Fig. 6.. The IA injection of HKL-GECM@MPNPs effectively delays the progression of OA in the DMM mouse model.

(A) In vivo fluorescence images of DMM mouse joint after a single IA injection of DiD-labeled GECM@MPNPs (n = 5 mice per group). d, days. (B) Schematic diagram illustrating the experimental timeline for HKL-GECM@MPNPs treatment with a DMM mouse model. Male C57BL/6J mice subjected to DMM surgery or sham surgery were treated with an IA injection of formulations every 2 weeks for 8 weeks (n = 7 mice per group). The HKL-equivalent concentration of nanoparticles across all subgroups was maintained at 10 μM. Created in BioRender. L.Y. (2025); https://biorender.com/nicpxys. (C) Pain-related behavioral assessment was performed by the paw withdrawal threshold measured by the von Frey apparatus (n = 7, means ± SD). (D) OARSI scores based on medial femoral condyles and the medial tibial plateau to assess cartilage degeneration. The score was evaluated by three professionals under blind conditions based on the S.O. staining of a series of sections (n = 7, means ± SD). (E) Histopathology evaluation of joint represented by S.O. staining of the joint from different groups; representative immunohistochemical images of COLII, ACAN, and MMP13 and immunofluorescence images of IL-1R2 and SIRT3 in articular cartilage from different groups. Scale bars, 50 μm for immunohistochemical and immunofluorescence and 100 μm for S.O. staining. (F) Representative three-dimensional (3D) reconstructed microcomputed tomography images of right knee joints from different groups. Red arrowheads indicated osteophyte formation. Statistical significance was analyzed by one-way ANOVA. *P < 0.05, ***P < 0.001, and ****P < 0.0001.

Fig. 7.. HKL-GECM@MPNPs rescue the degeneration in human OA cartilage explants.

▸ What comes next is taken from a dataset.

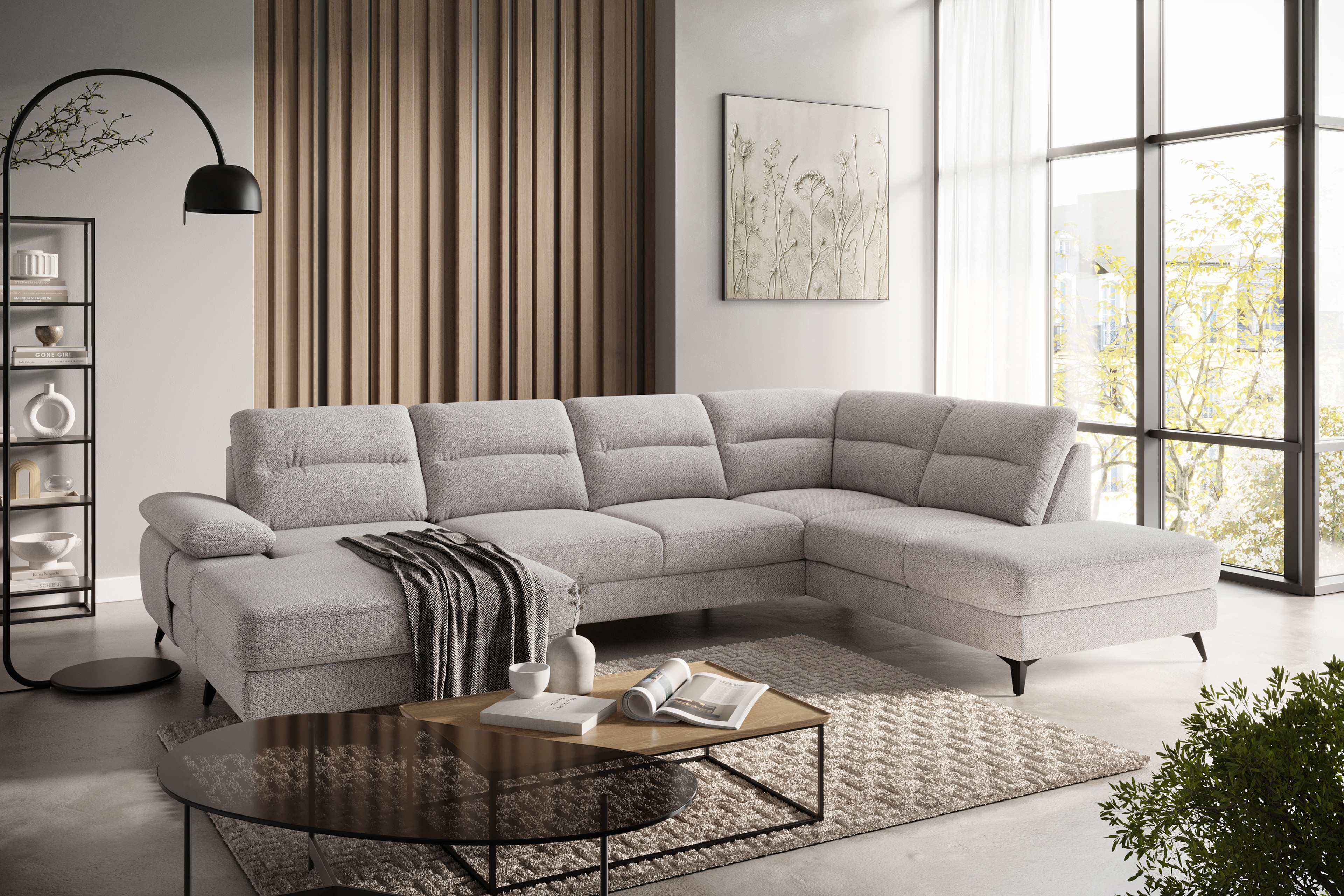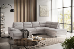 Sie sind auf der Suche nach einem neuen Familiensofa? Dann ist das Modell Flavia des Herstellers Cotta Polstermöbel die perfekte Wahl. Diese Wohnlandschaft bietet mit einem Stellmaß von ca. 168 x 316 x 214 cm, bestehend aus einer Recamiere, einem 2-Sitzer Zwischenelement und einer Ottomane, ausreichend Sitz- sowie Liegefläche. In unserem Angebot zeigt sich dieses moderne Sofa in einem hellen, beigen Chenille-Flachgewebe, welches mit den formschön gestalteten, schwarzen Metallfüßen stilvoll ergänzt wird. Qualität die man fühlt - die Polsterung mit Nosagfederung lädt zum Entspannen ein und schenkt Ihnen einen angenehmen Sitzkomfort. Sie haben Besuch, welcher auch mal über Nacht bleiben möchte oder Sie brauchen mehr Platz um kuschelige Momente mit der Familie zu genießen? Mit einer optional erhältlichen Schlaffunktion können Sie die Polstergarnitur im Handumdrehen in eine bequeme Schlafgelegenheit verwandeln. Zusätzlich zu dieser Auswahl erhalten Sie praktischen Stauraum, die genügend Platz bieten um Kissen, Decken oder andere Wohnaccessoires zu verstauen. Weiterhin haben Sie die Möglichkeit, aus diversen Bezugs- sowie Farbvarianten zu wählen und diese Garnitur so zu gestalten, wie es am besten zu Ihrer Einrichtung passt. Erleben Sie gemütliche Film- oder spaßige Spieleabende mit Ihren Liebsten und machen Sie jeden Moment zu einem besonderen Erlebnis mit dem Polstersofa Flavia von Cotta.
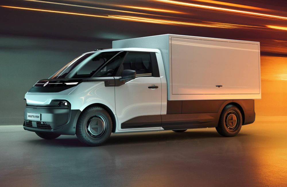 RENAULT GOELETTE E-TECH: Dzieląc tę samą platformę i kabinę co Trafic E-Tech, Goelette E-Tech wyróżnia się dużą zdolnością do przekształcania przestrzeni ładunkowej. Dzięki wzmocnionym osiom może przewozić ładunki o masie do 1,4 tony , co umożliwia jego dostosowanie w dowolny sposób . Historyczny samochód dostawczy Renault, Goelette, był na drodze od 1956 roku. Wytrzymały, solidny i łatwy w przebudowie, był jednym z najbardziej wszechstronnych vanów dla osób prowadzących działalność lub małych firm o szczególnych wymaganiach. Bezpośrednio wywodzący się z furgonetki Trafic , od której czerpie wymiary i konstrukcję kabiny (zewnętrzną i wewnętrzną), Goelette w pełni wykorzystuje elastyczność platformy „skateboard”, aby oferować kilka różnych wersji „fabrycznych”, takich jak na przykład podwozie z kabiną, skrzynia o dużej objętości lub przedłużona kabina. Podwozie z kabiną to gołe podwozie poza kabiną, które może być wyposażone w dowolne nadwozie oferowane przez przetwórców, aby sprostać konkretnym potrzebom różnych profesjonalistów. Podwozie może być wyposażone w skrzynię o dużej objętości, która może przekraczać 10 m3, nawet do 15 m ,w zależności od wymagań klienta.

(A) Schematic diagram showing the collection and treatment of human OA cartilage explants (n = 3). The HKL-equivalent concentration of treatments across all subgroups was maintained at 5 μM. Created in BioRender. L.Y. (2025); https://biorender.com/nicpxys. (B) Representative confocal images of cross sections of human cartilage explants after incubation with DiD-labeled GECM@MPNPs for 1, 4, and 7 days. Scale bar, 200 μm. (C and D) Representative images of S.O. and alcian blue staining (C) and protein levels of COLII, ACAN, and MMP13 (D) in the human OA cartilage explants after different treatments. Scale bars, 100 μm. (E and F) Representative immunofluorescence images (E) and semiquantitative analysis (F) of IL-1R2 and SIRT3 protein levels in human OA cartilage explants after aforementioned treatments (n = 3, means ± SD). Scale bar, 50 μm. (G and H) Representative immunohistochemical images of TNF-α and IL-1β and fluorescence images of P16^INK4A and TUNEL staining related to cell apoptosis in human OA cartilage explants after different treatments. Scale bars, 20 μm for immunohistochemistry and 50 μm for immunofluorescence. Statistical significance was analyzed by one-way ANOVA. **P < 0.01, ***P < 0.001, and ****P < 0.0001.